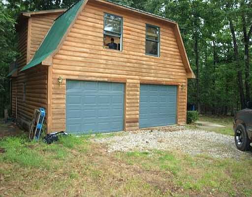 CABIN NESTLED ON 43 ACRES OF WOODS WITH LIVING AREA ABOVE 2 CAR GARAGE. FULL BATH, GALLEY KITCHEN, OPEN LIVING SPACE, AFFORDS MANY POSSIBILITES FOR WEEKEND GETAWAY OR FULL-TIME CABIN LIFE. EASY WALK DOWN TO THE LAKE, 1 SLIP IN PRIVATE BOAT DOCK CONVEYS
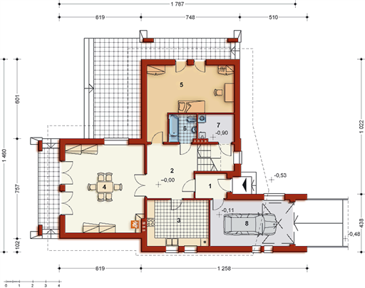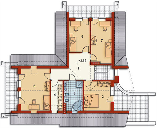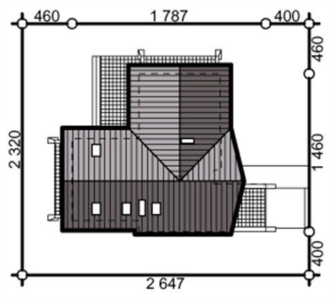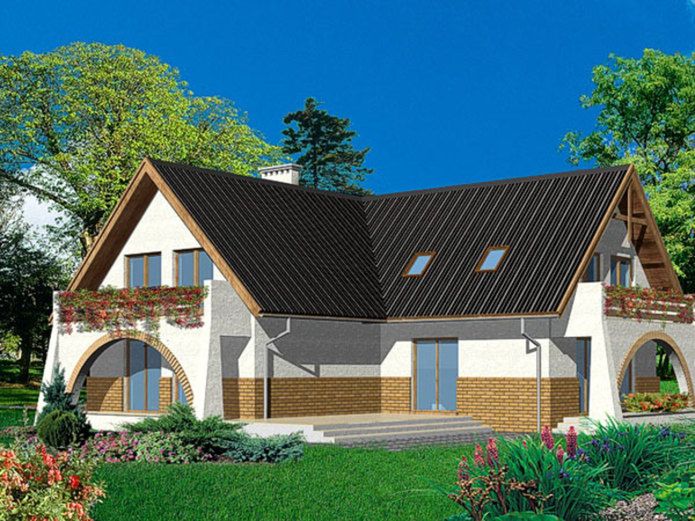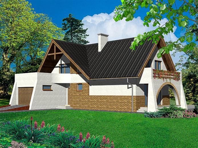 Graficzne opracowanie rzutów poglądowych widocznych na karcie projektu zostało wykonane przez Extradom.pl. Prezentowane przez Extradom.pl wizualizacje wykonane zostały przez autora projektu i należy poczytywać je jedynie za przykład i propozycję wykończenia, wizję architektoniczną autora projektu. Ostateczne wykończenie budynku może nastąpić na wiele sposobów. Szczegółowe rozwiązania zastosowane w oferowanej dokumentacji - w tym również ilość, lokalizacje i wygląd okien, drzwi, kominów - mogą w niewielkim stopniu różnić się od prezentowanej wizualizacji budynku.
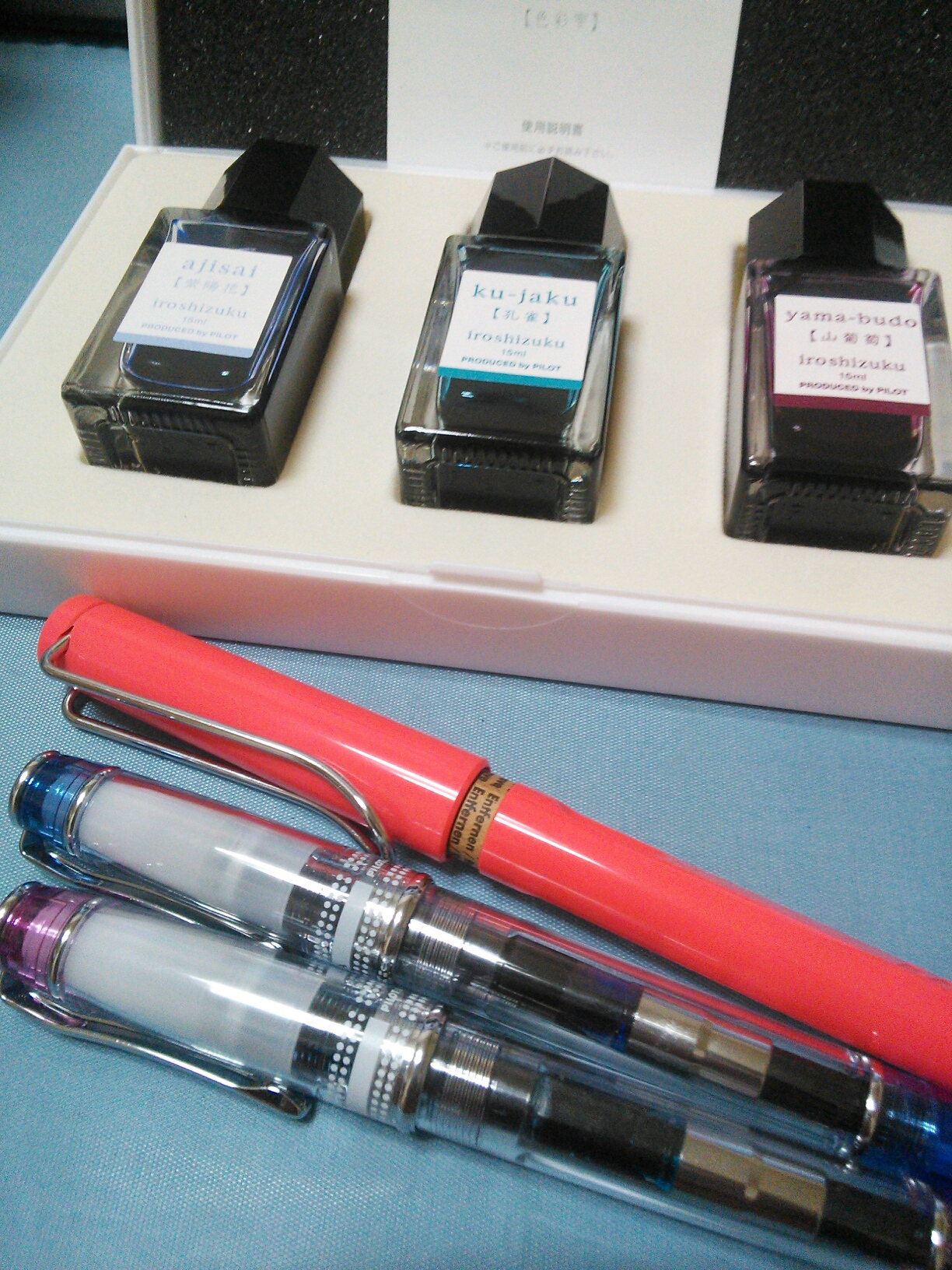 下の二本はパイロットの色彩逢いというシリーズのものです。ペン軸がスケルトンなので入れたインクの色が見えて楽しいです。
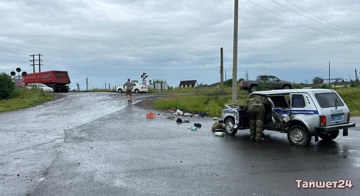ДТП произошло сегодня, 12 июля, на улице Сибирской в Тайшете. Столкнулись грузовик и полицейский автомобиль.
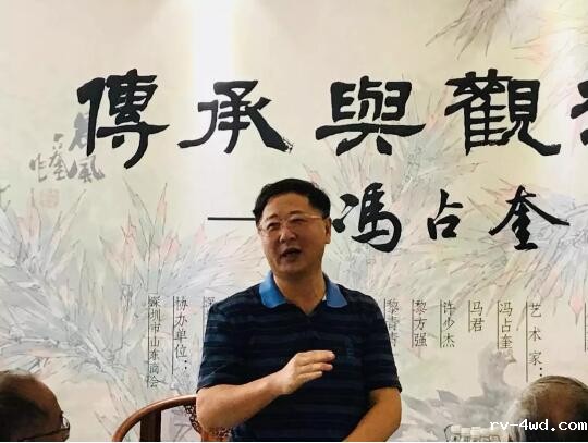 原深圳市南山区政协主席陈章联,中国国画院岭南分院院长、深圳市齐鲁书画院院长、我会创会会长王维星,会长王立新,深圳市翰墨重彩画研究院院长赵巨耀,学生代表马君小姐先后讲话,共祝展览成功。王维星院长在讲话中回忆了与冯占奎先生的交往,对冯占奎先生的花鸟画作品给予高度赞赏。
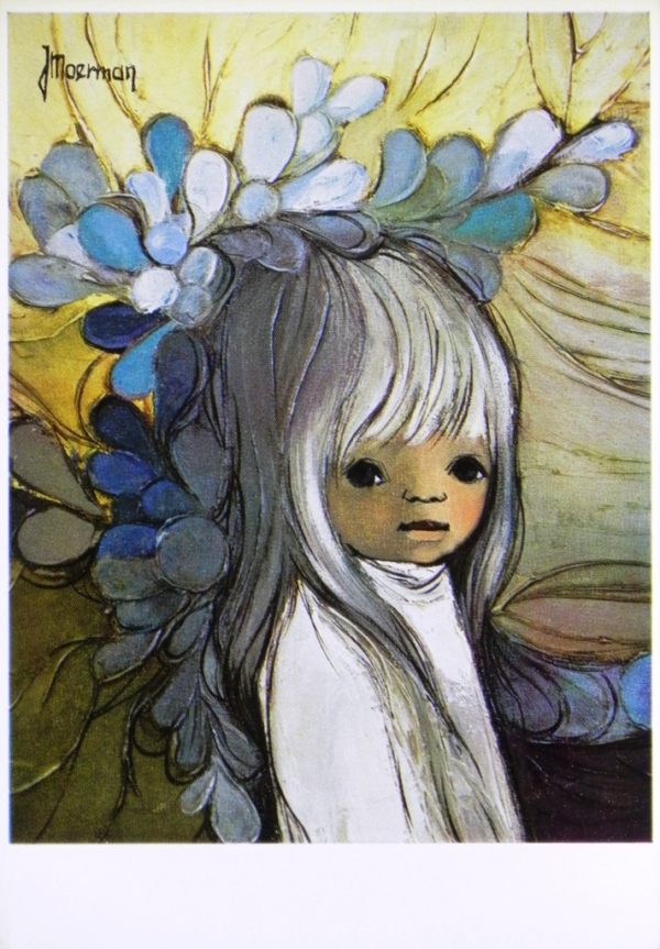Van meerdere kunstenaars worden voortdurend – in dit geval van Jaklien Moerman maar pas na haar dood – kunstwerken verspreid via nadrukken of zoals in dit geval middels ansichtkaarten . Deze werd uitgegeven door Lannoo, Tielt (zie ook de tweede foto, PKS 37). Een terecht initiatief, want dit schilderij is zelfs als ansichtkaart van ontroerende klasse.
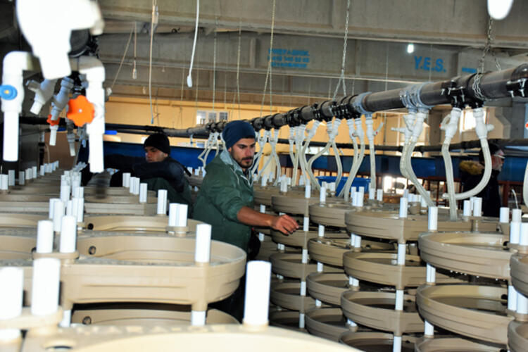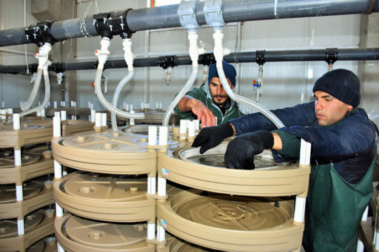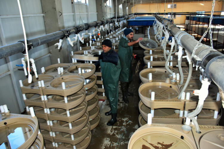 - Sağımın ardından elde edilen yumurtalar, işlendikten sonra kuluçka makinelerine yerleştirilerek 45 gün bekletiliyor. Elde edilen yavrular küçük havuzlara alınarak yetiştiriliyor.
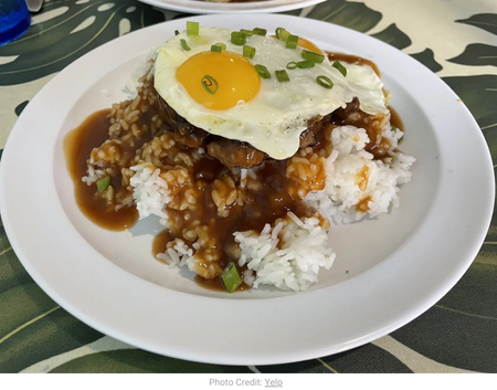 A must-try local favorite! A bed of rice, topped with homemade hamburger patties, any-style eggs, and gravy all over.
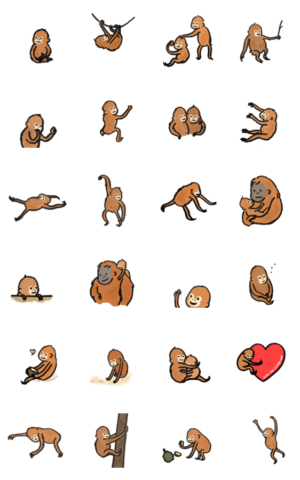 小さくて愛らしいウータンたちの日常の一コマをスタンプにしました。ひふたろう より発売
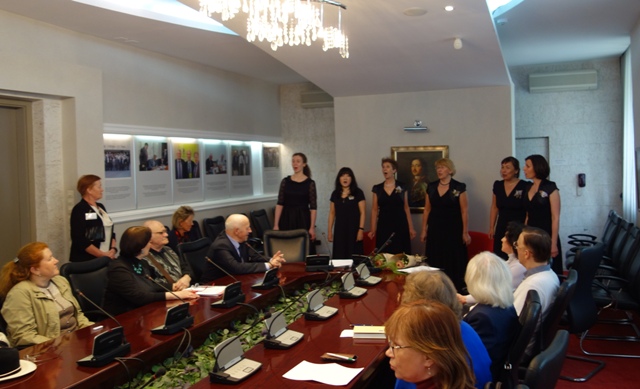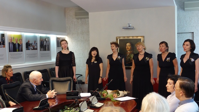 Ансамбль из хорового клуба "АХ АКАДЕМ" исполнил две композиции а капелла, торжественно открыв заседание.
──────────────────────────────
Leave the pictures out, and transcribe exactly the lines above starting at the one that contains "Graficzne opracowanie rzutów" and ending at the one that contains "下の二本はパイロットの色彩逢".

 Graficzne opracowanie rzutów poglądowych widocznych na karcie projektu zostało wykonane przez Extradom.pl. Prezentowane przez Extradom.pl wizualizacje wykonane zostały przez autora projektu i należy poczytywać je jedynie za przykład i propozycję wykończenia, wizję architektoniczną autora projektu. Ostateczne wykończenie budynku może nastąpić na wiele sposobów. Szczegółowe rozwiązania zastosowane w oferowanej dokumentacji - w tym również ilość, lokalizacje i wygląd okien, drzwi, kominów - mogą w niewielkim stopniu różnić się od prezentowanej wizualizacji budynku.
 下の二本はパイロットの色彩逢いというシリーズのものです。ペン軸がスケルトンなので入れたインクの色が見えて楽しいです。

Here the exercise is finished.